I am trying to build a function, to apply to different columns with a csv file. The purpose of the function is to combine multiple columns into one, using the combine_first method described here: How to merge/combine columns in pandas?
I like to create a function, with parameters: csvName, ColName, NumberOfCol, and generate a new (combined) column for that csv file.
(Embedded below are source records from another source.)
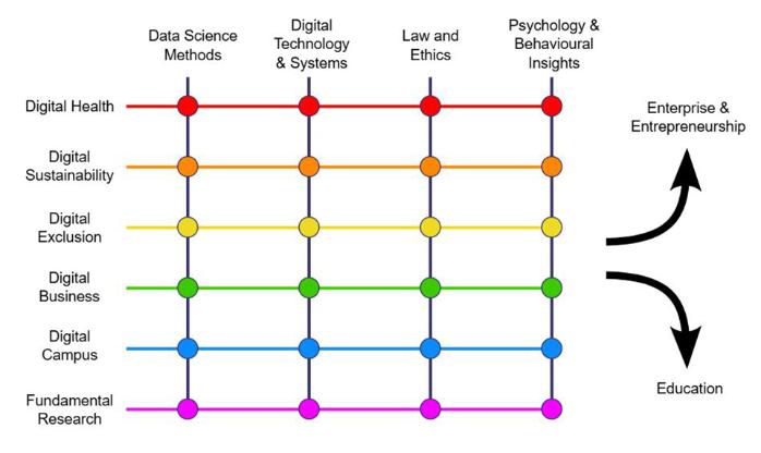 We currently focus our efforts on (but are not limited by) the themes depicted below. Building upon a wide range of expertise at Keele, DSI leads the development of cross-cutting themes (vertical in the diagram below) and applies them to several themes linked to the applications of global challenges (horizontal in the diagram below).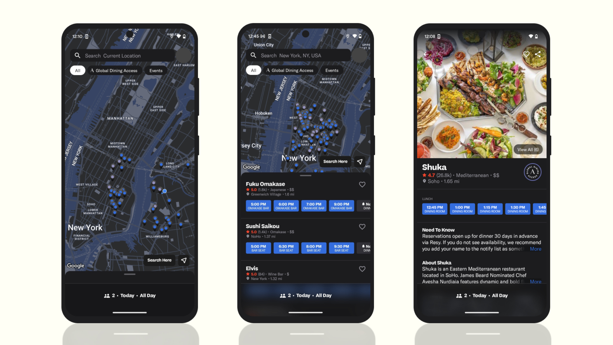 Android users now have in-app access to key Resy features like Notify, Hit Lists, Invite Guests, exclusive dining experiences, and more—empowering them to explore and reserve unforgettable meals with ease. Additionally, eligible American Express® Card Members can enjoy benefits like Global Dining Access through the Resy Android app. In the coming months Android users can expect more features to be added, including Discover Tab, which gives mobile users access to Resy’s extensive original editorial content, and additional filters on map, which allows users to narrow their search based on availability or editorial collections like “New on Resy” or “Great Sushi”.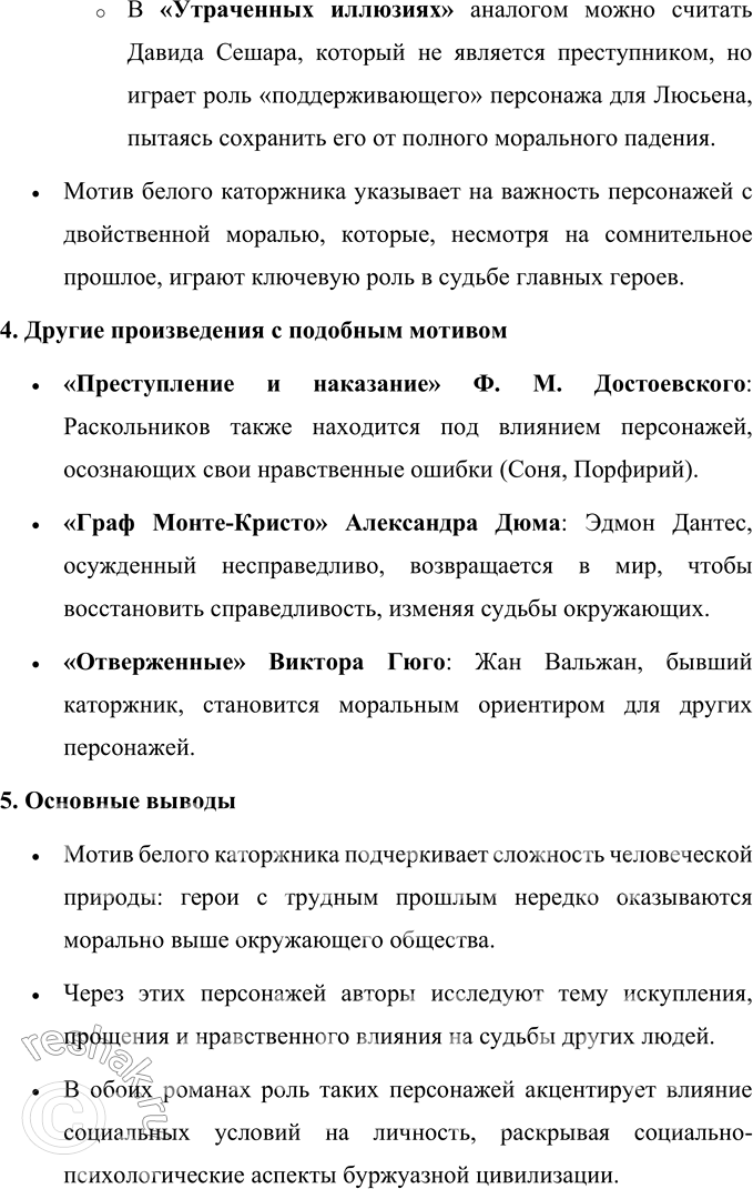 • Мотив белого каторжника указывает на важность персонажей с двойственной моралью, которые, несмотря на сомнительное прошлое, играют ключевую роль в судьбе главных героев.

Because there are different sets of columns that need to be grouped (and there are multiple csv files), I like to use a function on each set of columns.
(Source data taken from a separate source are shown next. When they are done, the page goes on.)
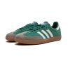This Adidas Samba OG in Collegiate Green and Gum Grey Toe boasts a lush forest green suede upper, accented by contrasting three stripes and an off-white suede heel. Gilded elements, such as the “Samba” lettering on the side panel, elevate the upper’s aesthetics. Completing the ensemble, a gum sole adds the final flourish to this pair.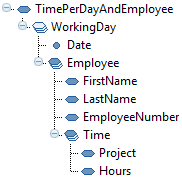 Our second example is more complicated. In this example, we will use the same input structure to group the time transactions per day (date) and employee.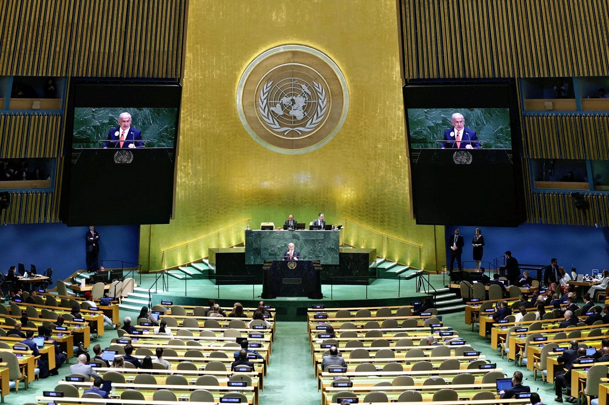 イスラエルのベンヤミン・ネタニヤフ首相は26日、米ニューヨークで開かれている国連総会の一般討論演説で、英仏などによるパレスチナ国家の承認について「恥ずべき決定で、テロを助長する」と批判した。ただ、登壇時に各国の外交団が議場から一斉に退席するなど、イスラエルの国際社会での孤立が鮮明となった。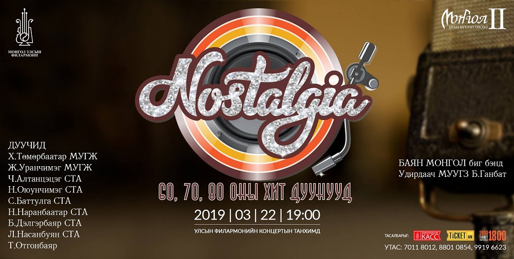Тэгвэл тус чуулгынхан үүсэн байгуулагдсаны 50 жилийн ойн хүрээнд зохион байгуулж буй цуврал арга хэмжээнүүдийн нэг нь “Nostalgia” тоглолт юм. Та бидний сэтгэл зүрхэнд хоногшсон 60, 70, 80 оны ХИТ ДУУНУУД-аас толилуулах уг тоглолт 2019 оны 03-р сарын 22-нд 19:00 цагт Улсын Филармонийн концертын танхимд ганцхан удаа тоглох гэж байна. Тоглолтын хөтөлбөрт хагас зуун жилийн хугацаанд бүтээн туурвисан урын сан дахь бүтээлүүдээсээ шигшиж шилмэл бүтээлүүдээсээ үзэгч, сонсогчдодоо хүргэх аж.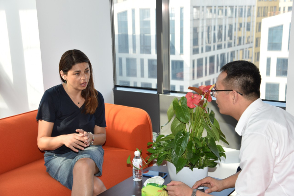 羅馬尼亞議會眾議院外交顧問Popa Diana-Melania女士(左)與振威員工交流(右)

Example columns (showing only the ones that need to be merged, the DF has many other columns that I need to retain):
DF = {'A1': [tree, grass, np.nan, np.nan, np.nan, np.nan],
'A2': [np.nan, np.nan, bird, fly, np.nan, np.nan],
'A3': [np.nan, np.nan, np.nan, np.nan, cat, dog]}
DF["A"] = pd.concat([DF["A1"].\
combine_first(DF["A2"]).\
combine_first(DF["A3"])],
axis=1)
DF.rename(columns={"A1":"A"}, inplace=True)
The resulted column will become:
DF = {'A': [tree, grass, bird, fly, cat, dog]}
I like to make this operation into a function, so I can enter the name of the csv, the column name (e.g., A), and number of columns that need to be merged
I have something like this at the moment:
def column_merger(csvName, ColName, length:int):
OriginalNameList = []
for number in range(length):
OriginalNameList.append(ColName + str(number))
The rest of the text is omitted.